[R-390] RE: What Came After The R-390
Bob Camp
ham at cq.nu
Tue May 17 07:28:07 EDT 2005
Hi
Most of the intercept radios that are being made these days are of
the "throw it all into an A/D converter" type. They are more or less
black boxes that interface to a computer. The closest equivalent in
ham radio would be the software defined radio.The advantage is that
you can get a *lot* of channels all at once. You can also demodulate
all sorts of bizarre digital signals without custom demodulator
hardware. Like it or not the intercept target today is a lot more
likely to be a digital chirp than an AM station. There are a bunch of
people who make these radios ranging from the old time radio
companies like Collins and Racal through a bunch of tiny little three
guys in a garage outfits.
I doubt we will ever see the military going for another custom
designed radio with knobs like the R390. Even in it's day the R390
could not be justified for intercept use. The radio was built for
general purpose use and moved over to intercept duties when somebody
proved it could do the job. The amazing thing about this radio is
that it did so many things so well. If you talk to people who used
the "competitors" to the R390 in an intercept role, none of them
were as rugged, or as widely deployed.
Take Care
Bob Camp
KB8TQ
On May 16, 2005, at 10:32 PM, Flowertime01 at wmconnect.com wrote:
> Fellows,
>
> There are two kinds of radio receiver operation out there.
>
> Type one is RTTY link fixed frequency. Fixed channel PRC series of
> transceivers work for this kind of operation. Most of the receivers
> I have seen in the
> last 20 years fall into this mode of operation. It is in the detent
> and set to
> this frequency or you move it one detent stop and you are on the
> adjacent
> channel frequency.
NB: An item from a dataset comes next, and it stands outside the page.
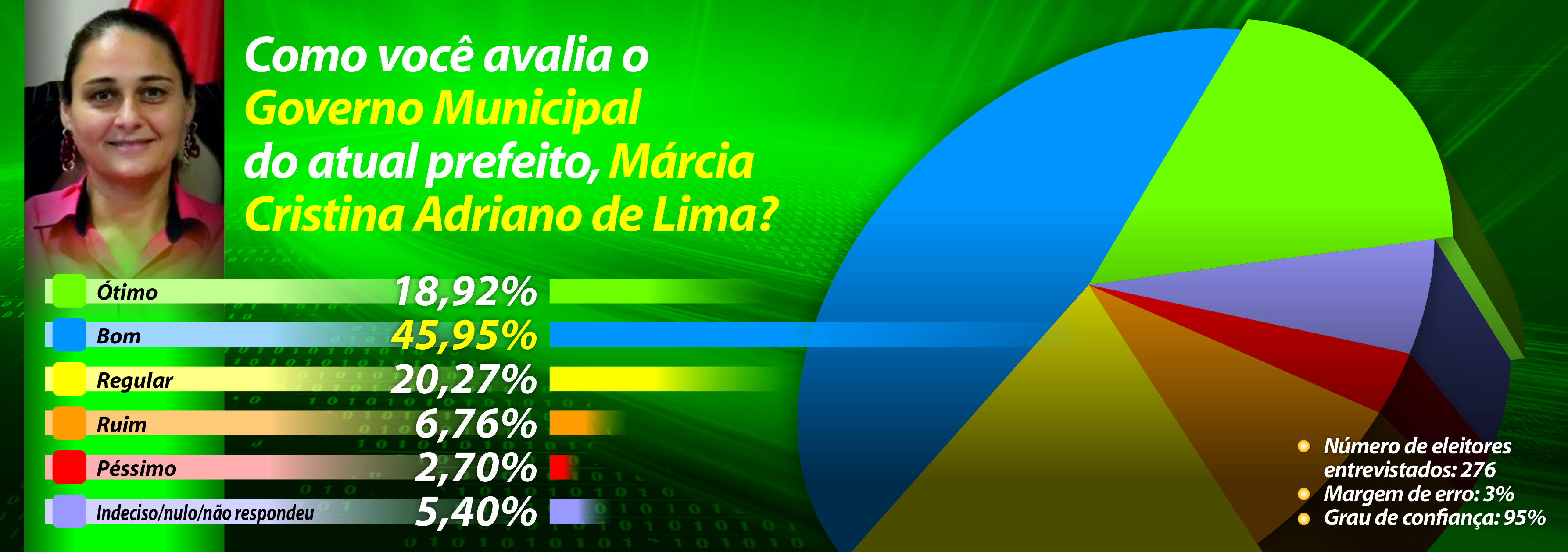 O primeiro ano da gestão da prefeita de Meridiano Márcia Cristina Adriano de Lima (Avante) tem a aprovação de 64,87% dos 276 eleitores entrevistados em pesquisa de opinião pública realizada no último dia 04, subdivididos, proporcionalmente, dentre os residentes na sede do município e no distrito de Santo Antônio. Esse índice provém de 18,92% dos respondentes que classificam a atual administração municipal como ‘ótima’, somados aos 45,95% que a classificam como ‘boa’. Por outro lado, 6,76% afirmaram ser ‘ruim’ e outros 2,70% como ‘péssima’, perfazendo índice de reprovação de 9,46%. No intermédio estão 20,27% que a adjetivam como ‘regular’.

Nothing between the two choices.
>
> Type two is more like Amateur operation and R390, any frequency
> between and
> across 31.5Mhz with a resolution of as fine as you are willing to
> work the knob
> to.
>
> The intelligence agency's doing intercept work still have a use for
> this type
> of a receiver. You can drag in any signal if you work it long
> enough. You
> could put the original on tape real time and play it over and over
> until you get
> it if you wanted it. IE the commander said get it. These are the
> receivers we
> are going to want when they get surplused out. Someday they will
> be. R390's
> went out the door because the military was lobbied and congress was
> lobbied to
> have military contractors build new stuff and tax payers pay the
> bill. If the
> military needed more good receivers, they could have ask the low
> bidder to
> build another batch of R390/A.
>
> The 45 was a good item since 1911. Someone wanted to sell something
> new and
> could not make money low bidding a new batch of 45 iron. So the
> lobby was in
> for the 9MM. The results is bla, bla, bla and BS.
>
> Receivers changed over the years. Fixed frequency channel receivers
> and
> transmitters got cheep and easy to manufacture. Thank you CB,
> business band, and
> digital tuning. This type of receiver has been applied to every
> nitch it would
> fit into.
>
> The small market, (Amateur, Intelligence, Science) for full tuning
> receivers
> has been put on the back burner. The "glut" of R390/A surplus has
> filled the
> market for most Amateur and science needs. So no one is building a
> military
> receiver to match the range of the R390's.
>
> Long haul HF military has gone back to wire lines and satellite
> links. This
> has moved out of the HF range. A watt of hand held HF in a tactical
> battle
> field will get you killed. You put up a signal that can be DF'ed
> from 30 miles and
> you are going to catch so much incoming artillery you own unit will be
> jamming that radio where the sun never shines. So tactical battle
> field has also
> move into VHF, UHF and fixed digital channel tuning. Just because 1
> watt will not
> go 30 miles.
>
> While the Amateur community is facing more use on our frequency
> spectrum,
> other parts of the HF bands are getting much less use today. I can
> see amateur
> radio haveing any thing and every thing under 50Mhz. Of course we
> will have to
> live with BPL the application that finally drove every one else to
> spread
> spectrum and over 50MHz.
>
> I was reading my copy of World Radio yesterday. The question to
> Krusty Kurt
> was "how do we get the AM off the Amateur Bands?" Just as I retire
> and want to
> get my DX100 and R90/A back on 7Mhz. CW and AM are the two low cost
> ways to
> still do it your self into Amateur radio. Why do we want to get Am
> off the
> bands? SSB has been there for 50 years plus and the comment is
> still SSB sounds
> best in the OFF mode. All of us R390 owners are still looking for a
> circuit that
> will let SSB come out of a set of phones with a sound that does not
> leave us
> hearing impaired.
>
> Oh, you meant what receivers were manufactured after the R390/A
> Sorry, I missed the intent of the question.